— Вот, молодой батыр, — сказал Галий, — память о моей молодости. Я ведь в молодые годы тоже был джигит не из последних. Мое имя гремело, как гром, по всем татарским аулам. Богатеи, заслыша его, в страхе дрожали. Народ песни про меня слагал, враги — ненавидели. Сейчас-то нет у меня силы, не то что саблю, ложку в руках еле держу. Тридцать лет в рудниках на каторге провел. Там здоровье, силы оставил. Не могу сам держать саблю, но хочу помочь доброму делу. Бери, батыр, мою саблю, дарю ее тебе.
— Хорошая сабля, слов нет, — ответил Акпай, — но она должна перейти к молодому татарскому батыру.
— У меня есть сабля, от деда досталась, — сказал Махмет, — у тебя же один пистолет.
— Бери, батыр, — твердо сказал Галий, — наши народы вместе идут, за одно воюют. Пусть твоя рука будет крепка, как сталь этой сабли. Не забывай старого джигита.
— Большое спасибо тебе, дедушка.
— Береги эту саблю. Такой сабли не купишь ни за какое золото, не раз выручала она меня в бою.
— Будь спокоен, агай, — ответил старику Акпай, — марийский батыр будет достоин твоего славного оружия.
С добрыми напутствиями проводил аул марийских воинов и своих джигитов.
Между тем Пугачев все ближе и ближе подходил к Казани. 11 июля подошедшее войско пугачевцев расположилось лагерем на левом берегу реки Казанки, у Троицкой мельницы. На десять верст куда ни взглянешь — в лесу, среди чистого поля, в деревнях — всюду повстанцы.
Иван Белобородов — ближний человек Пугачева с отрядом русских заводских рабочих гулял западнее Казани. Прежде он имел чин унтера, но Пугачев сразу дал ему высокое звание фельдмаршала.
Идя к Казани, фельдмаршал Белобородов сжег несколько помещичьих имений, разогнал мелкие солдатские команды. Генерал Потемкин выслал против него из Казани полк кавалерии, но Белобородов разбил этот полк и теперь, возбужденный радостью победы, приближался к главному лагерю пугачевцев.
В лагере уже знали об удаче Белобородова, его отряд встречали радостными приветствиями. Сам фельдмаршал, невысокий, коренастый мужчина, ехал на черном коне, махал рукой с плетью, кланялся, отвечал на приветствия.

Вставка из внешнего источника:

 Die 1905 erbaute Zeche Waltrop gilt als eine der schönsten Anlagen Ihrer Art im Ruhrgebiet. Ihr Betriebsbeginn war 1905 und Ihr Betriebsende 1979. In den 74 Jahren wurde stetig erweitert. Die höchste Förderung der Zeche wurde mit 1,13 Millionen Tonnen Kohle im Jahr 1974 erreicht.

Пугачев уже вышел из своего шатра и в окружении старшин сидел в кресле.
Белобородов слез с коня, хромая, подошел к Пугачеву.
— Добро пожаловать, где ходил, чего выходил? — встретил его Пугачев вопросом.

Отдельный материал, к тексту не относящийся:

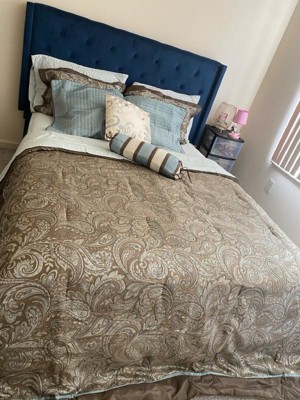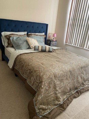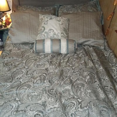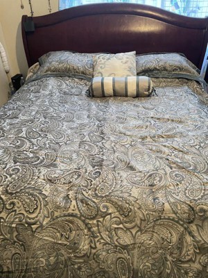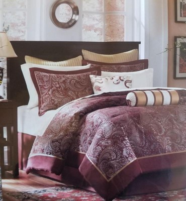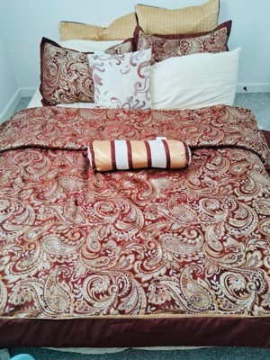 [This review was collected as part of a promotion.] Tradition bed in a bag Cozy Comforter Set, Faux Silk Jacquard Paisley Design - All Season Down Alternative Bedding with Cotton Bed Sheets, Bed Skirt & Toss Pillows. Queen size fits well. Sheets are not the softest, but overall, great Queen sized set!

— Дела неплохи, государь, — ответил Белобородов. — Вот побили полк полковника Толстого. Бог помог одолеть злыдней. Пушки и прочее оружие захватили. По пути к нам присоединились люди марийские и татары, желают послужить тебе.
— Где ж они? Кто у них начальник?
Белобородов показал на стоявших поодаль Акпая и Махмета.

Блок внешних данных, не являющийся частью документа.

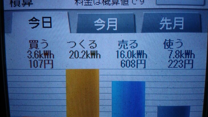パナソニックHIT240 5kW2020/6/6の太陽光発電量 20.2kWh月…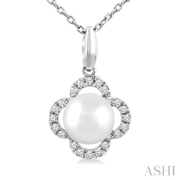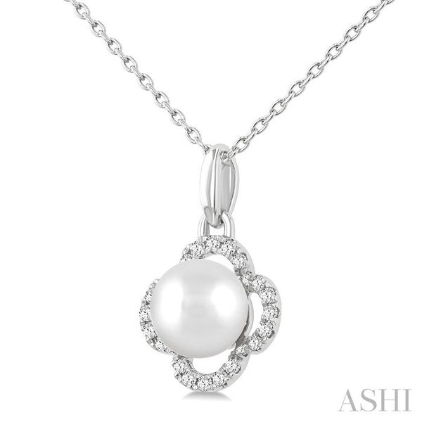 6 MM Cultured Pearl and 1/10 Ctw Round Cut Diamond Clover Petite Fashion Pendant With Chain in 10K White Gold Image 2 Becker's Jewelers Burlington, IA

— Вот их начальники, государь: татарский сотник Садыбеков Махмет и старшина марийцев Акпай Келтеев.
Пугачев дружелюбно кивнул Акпаю:
— А-а, старый знакомый… Ну, спасибо тебе, Келтеев. Ты хорошо исполнил мой приказ. Никогда не забуду твоего старания. Как займу в Петербурге свой законный престол, ей-богу, поставлю тебя марийским губернатором.
Много раз видел Акпай Пугачева, и всякий раз удивляется: не таким он представлял себе царя. Этот совсем не похож на важного начальника: лицом не бел, а черняв, бороду носит по-казацки, говорит, как деревенский мужик. Однако, сразу видать, умен и, когда надо, может быть грозен.
Пугачев, прищурившись, острым глазом оглядел ряды вновь прибывших и отметил про себя: маловато у людей ружей и сабель, и конных тоже раз-два и обчелся. Его взгляд остановился на Мендее.
— Вот тот, в солдатском мундире, кто таков? — спросил он.
— Наш, мариец, — ответил Акпай, — в солдатах был, сбежал к нам. Храбрый воин, и воинскую науку хорошо знает.
— Молодец, — одобрил Пугачев. — Мне такие нужны. В моем войске многие и ружья никогда в руках не держали, и обучить их ратному делу некому. Подойди-ка ко мне, служивый. Ты по-русски знаешь?
Мендей строевым солдатским шагом приблизился к Пугачеву, остановился, стукнув каблук о каблук, и громко отчетливо отрапортовал:
— Так точно, ваше императорское величество, знаю!
Пугачеву, видать, понравился Мендей, и он важно проговорил, обращаясь к нему:
— Жалую тебя чином прапорщика.
— Рад стараться, ваше императорское величество!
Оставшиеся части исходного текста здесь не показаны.